Britain’s getting better – Defra (Are you sure? – EA)

Secretary of State Margaret Beckett has claimed that Britain is transforming itself from an environmental laggard into an environmental leader - despite a recent report from the Environment Agency which suggests we are losing the battle for a sustainable nation.


Mrs Beckett makes the bold claim in Defra’s annual report, released this week.

The report outlines targets set by the department over the past year and progress made in meeting them.

Perhaps encouraged by Tony Blair’s success at taking center stage in the international debate on climate change, the targets include a new emphasis on environmental leadership as well as caring for
rural England and delivering a sustainable future for farming.

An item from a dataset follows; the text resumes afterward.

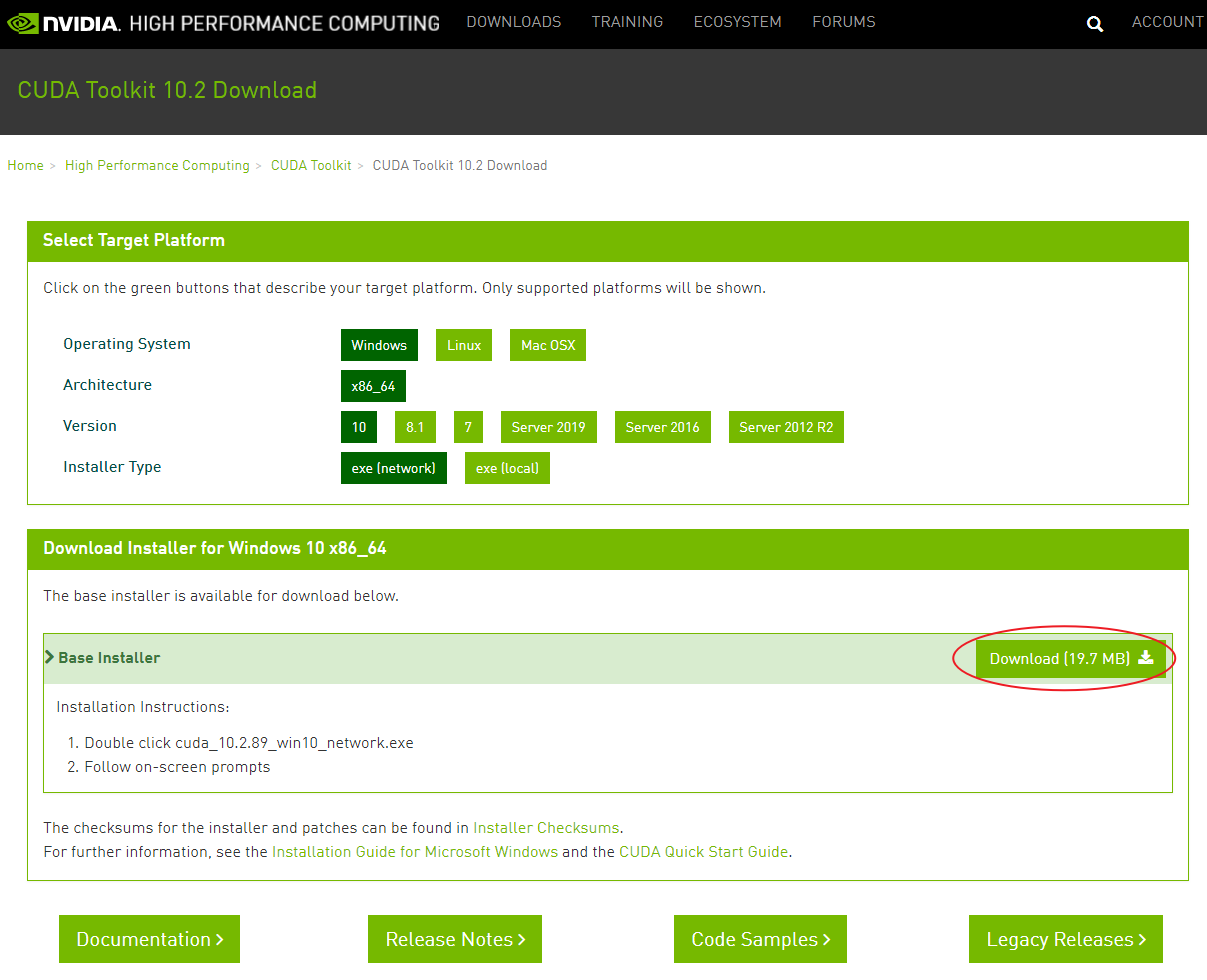 [20200318更新]注意:之前关于下载CUDA与cuDNN的版本我写错了。如果要想用Tensorflow利用GPU进行训练,就需要Tensorflow、CUDA、cuDNN的版本对应一致。之前我弄错了!我们后面用的Tensorflow的版本是2.0.1,所以对应CUDA的版本应该是CUDA v10.0,而相应的cuDNN v7.6.5即可,下面的截图都是我之前错误的10.2.89版本,是不能用GPU进行训练的(虽然还可以用CPU进行训练)!!!但是安装过程都是一样的。因此后文修改一下文字内容,图片就不改了。!一定要先看到这一行~别搞错了!

In her foreword to the Departmental Report, Mrs Beckett said: “The
strategy further clarifies the Department’s purpose and priorities
and sets out concrete measures to accelerate Britain’s transformation
from environmental laggard to environmental leader: globally,
nationally and, most importantly, locally.”

The report, published on Friday, June 17 also highlights the UK Sustainable Development Strategy, published in March, which demands action from across Government departments.

Mrs Beckett said: “These are challenging times for the Department.

Although more needs to be done, with businesses, the public sector,
voluntary and community organisations, communities and families
needing to make more sustainable choices, it is clear to me that we
have achieved a lot since Defra was created.

“And I am confident that with the real progress we have made so far we will deliver our ambitious agenda.”

Defra’s back-slapping may be at odds with evidence in the Environment Agency’s A better Place? report issued earlier this month, looking at how the state of the environment has changed over the past five years (see related story ).

The EA report, based on ‘a mountain range of research’ according to the agency’s chairman Sir John Harman, claims the environment is actually not in the best of shape and overall in Britain it is getting worse rather than better.

While industrial waste and pollution are down, for example, these gains have been swamped by increases in emissions from traffic and little progress on domestic rubbish.

It says that the prognosis for climate change, highlighted by Mrs Beckett as the ‘greatest environmental threat’, is getting worse, with the UK set to miss its self-imposed targets of cutting CO2 emissions by 20% by 2010.

The report also paints a less rosy picture of the countryside, saying modern farming practices are the main cause of continuing loss of habitats and increasing soil erosion and also pollute rivers with pesticides, fertilisers and suspended solids.

It also lays the blame for soil and silt clogging up spawning beds of fish such as trout and salmon at farming’s door.